Research paper

The Evolution of Azerbaijani Authoritarianism (Part II): Modification of Authoritarianism in the Post-Karabakh Period

The Evolution of Azerbaijani Authoritarianism (Part II): Modification of Authoritarianism in the Post-Karabakh Period

For easier reading and comprehension, this research by the KHAR Center will be presented in multiple parts.

For the first part of the research

For the third part of the research paper


In the autumn of 2020, the Azerbaijani army’s military victory in Karabakh temporarily increased domestic support for the Aliyev regime. As a result, this period was accompanied by the further consolidation of authoritarianism and the use of “victory capital” for legitimacy (Freedom House, 2023).
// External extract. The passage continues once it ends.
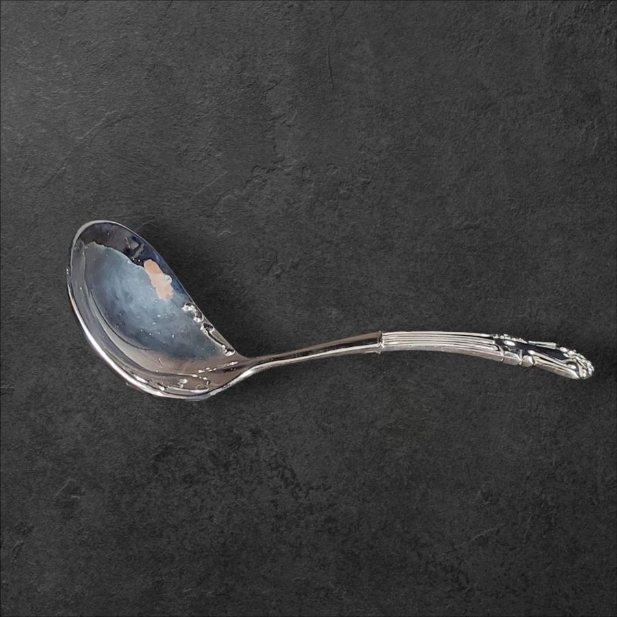 Antique silver-plated gravy ladle featuring a decorative handle and deep, rounded bowl. Ideal for serving gravies or sauces. Excellent vintage condition with minimal wear consistent with age. Perfect for collectors or for enhancing table settings.

After the 44-day war, the government placed the Karabakh victory at the center of the political agenda and began presenting all criticism as “anti-patriotic rhetoric.” New “anti-national” frameworks were formed to counter dissent. This created a foundation for continuing repression under the veil of national ideology, and the victory was transformed into a symbol of political hegemony.

The Collapse of the “Reform After Victory” Rhetoric:
 Immediately after the war, the regime launched slogans such as “reforms,” “a new social contract,” “open governance,” and “transparency in the reconstruction of Karabakh.” However, in a short time, these calls were replaced by the old corruption practices and non-transparent tender processes (Transparency International, 2022). Reconstruction works in Karabakh were mainly entrusted to companies connected to the ruling family or to foreign allies (e.g., companies close to Erdoğan).

In the post-Karabakh period, the regime strengthened not only traditional repressive methods but also digital surveillance and disinformation. Critics on social media were monitored and targeted. Through troll networks and cyber-surveillance tools, the information environment was brought under total control (Reporters Without Borders, 2023).

Increase in Geopolitical Capital and Domestic Authoritarianism:
 The strengthening of relations with Turkey and the increased regional influence following the Karabakh victory gave the Aliyev regime additional maneuvering power in the international arena (Shusha Declaration, 2021). This, in turn, created an environment for harsher and more impunity-driven governance at home: the number of political prisoners increased, and new waves of repression occurred. The post-Karabakh period was not one of weakening of the authoritarian regime but rather one where it was reinforced with new sources of legitimacy and control techniques. Victory became not an opportunity for civic liberties, but a tool for consolidating the existing political transformation—a rule of a single man or a family.

However, the success of all these processes is, in fact, rooted in the developments of the 30 years prior to the post-Karabakh period.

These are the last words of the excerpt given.